Strange G1 behavior

Tue Oct 17 08:22:54 UTC 2017

Hi Kirk,

On Mon, 2017-10-16 at 20:07 +0200, Kirk Pepperdine wrote:
> Hi Thomas,
> 
> Again, thank you for the detailed response.
> 
> 
> > On Oct 16, 2017, at 1:32 PM, Thomas Schatzl <thomas.schatzl at oracle.
> > com> wrote:
> > 
> > For the allocation rate, please compare the slopes of heap usage
> > after (young) gcs during these spikes (particularly in that full gc
> > case) and normal operation.
> 
> Censum estimates allocation rates as this is a metric that I
> routinely evaluate.
> 
> This log shows a spike at 10:07 which correlates with the Full GC
> event. However the allocation rates while high, are well within
> values I’ve seen with many other applications that are well behaved.
> Censum also estimates rates of promotion and those seem exceedingly
> high at 10:07. That said, there are spikes just after 10:10 and 
> around 10:30 which don’t trigger a Full. In both cases the estimates
> for allocation rates are high though the estimates for rates
> of  promotion while high, are not as high as those seen at 10:07.
>
> All in all, nothing here seems out of the ordinary and while I want
> you to be right about the waste and PLAB behaviors, these spikes feel
> artificial, i.e. I still want to blame the collector for not being
> able to cope with some aspect of application behavior that it should
> be able to cope with.. that is something other than a high allocation
> rate with low recover due to data simply being reference and therefor
> not eligible for collection...

I always meant "promotion rate" here as allocation rate. For this
discussion (and in general) in a generational collector the
application's real allocation rate is usually not very interesting.

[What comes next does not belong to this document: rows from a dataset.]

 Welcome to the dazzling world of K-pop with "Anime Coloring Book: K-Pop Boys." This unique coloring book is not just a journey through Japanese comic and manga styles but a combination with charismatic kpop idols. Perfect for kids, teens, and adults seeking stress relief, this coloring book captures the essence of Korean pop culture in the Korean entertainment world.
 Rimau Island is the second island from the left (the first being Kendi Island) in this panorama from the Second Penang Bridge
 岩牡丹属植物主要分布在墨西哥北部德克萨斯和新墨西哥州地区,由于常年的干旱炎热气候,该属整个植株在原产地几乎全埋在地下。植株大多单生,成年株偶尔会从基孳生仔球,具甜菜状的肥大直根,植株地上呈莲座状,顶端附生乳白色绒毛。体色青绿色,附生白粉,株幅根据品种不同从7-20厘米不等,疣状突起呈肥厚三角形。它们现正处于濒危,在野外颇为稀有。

Sorry for being imprecise.

> > In this application, given the information I have, every like
> > 1500s, there seems to be some component in the application that
> > allocates a lot of memory in a short time, and holds onto most of
> > it for its duration.
> 
> Sorry but I’m not seeing this pattern either in occupancy after or
> allocation rate views. What I do see is a systematic loss of free
> heap over time (slow memory leak??? Effects of caching???).

Let's have a look at the heap usage after gc over time for a few
collection cycle before that full gc event. Please look at http://cr.op
enjdk.java.net/~tschatzl/g1-strange-log/strange-g1-promo.png which just
shows a few of these.

I added rough linear interpolations of the heap usage after gc (so that
the slope of these lines corresponds to the promotion rates). I can see
a large, significant difference in the slopes between the collection
cycles before the full gc event (black lines) and the full gc event
(red line), while all black ones are roughly the same. :)

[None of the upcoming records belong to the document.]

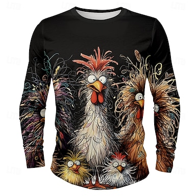 Pánské kuřátko Legrační Tričko Dlouhý rukáv tričko 3D tisk Tričkový Košile Designové Retro ulice Ležérní Denní Černá Bílá Žlutá Léto Jaro Podzim Oblečení S M L XL XXL XXXL
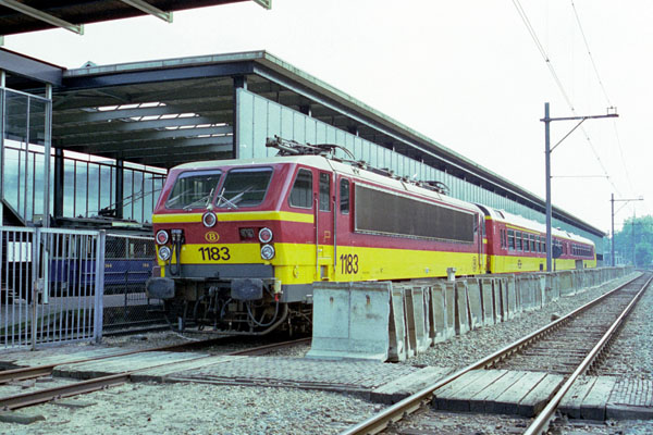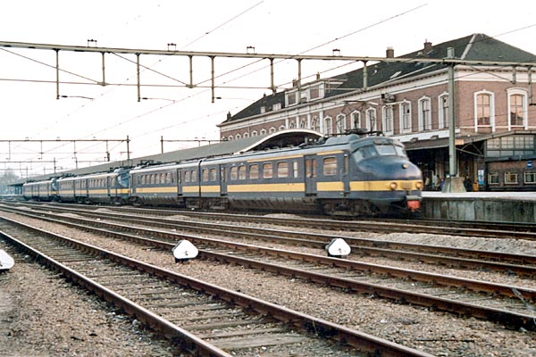 Schiphol, 10 januari 1987. Het is bijna gebeurd met de Beneluxstellen en de oude trek-duwtreinen. De nieuwe Beneluxtreinen nemen het roer over. Deze trein is op weg naar Brussel. |
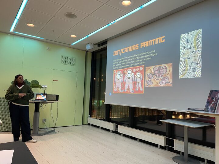 Under kvällen föreläste Molly om aboriginernas sätt att berätta och hur berättandet genomsyrar hela livet. Vi fick se bilder och video av traditionell konst, songlines och urtida grottmålningar. Molly visade även sina konstnärliga uttryck i tecknade serier och animerad film.

Note that my graphs were painted off-hand without any actual
calculation, and particular the red one looks like an underestimation
of the slope.

> As I look at all of the views in Censum I see nothing outstanding
> that leads me to believe that this Full is a by-product of some
> interaction between the collector and the application (some form of
> zombies????). Also, one certainly cannot rule out your speculation 

It does not look like there is an issue e.g. with j.l.ref.References of
any kind.

> for heap fragmentation in PLABs. I simply don’t have the data to say
> anything about that though I know it can be a huge issue. What I can
> say is that even if there is 20% waste, it can’t account for the
> amount of memory being recovered. I qualify that with, unless there 
> is a blast of barely humongous allocations taking place. I’d like to
> thing this is a waste issue but I’m suspicious. I’m also suspicious
> that it’s simply the application allocating in a burst then
> releasing. If that were the case I’d expect a much more gradual
> reduction in the live set size.
> 
> I think the answer right now is; we need more data.

Agree.

> I’ll try to get 
> the “client” to turn on the extra flags and see what that yields. I
> won’t play with plab sizing this go ‘round if you don’t mind. If
> you’re right and it is a problem with waste, then the beer is on me
> the next time we meet.
> 
> The don’t allocate arrays in size of powers of 2 is an interesting
> comment. While there are clear advantages to allocating arrays in
> size of powers of 2, I believe in that these cases are specialized
> and that I don’t generally see people dogmatically allocating this
> way.

There are cases where you probably want 2^n sized buffers, but in many,
many cases like some serialization for data transfer, it does not
matter a bit whether the output buffer can hold exactly 2^n bytes or
not, i.e. is just a bit smaller.

Of course this is something G1 should handle better by itself, but for
now that is what you can do about this.

Thanks,
  Thomas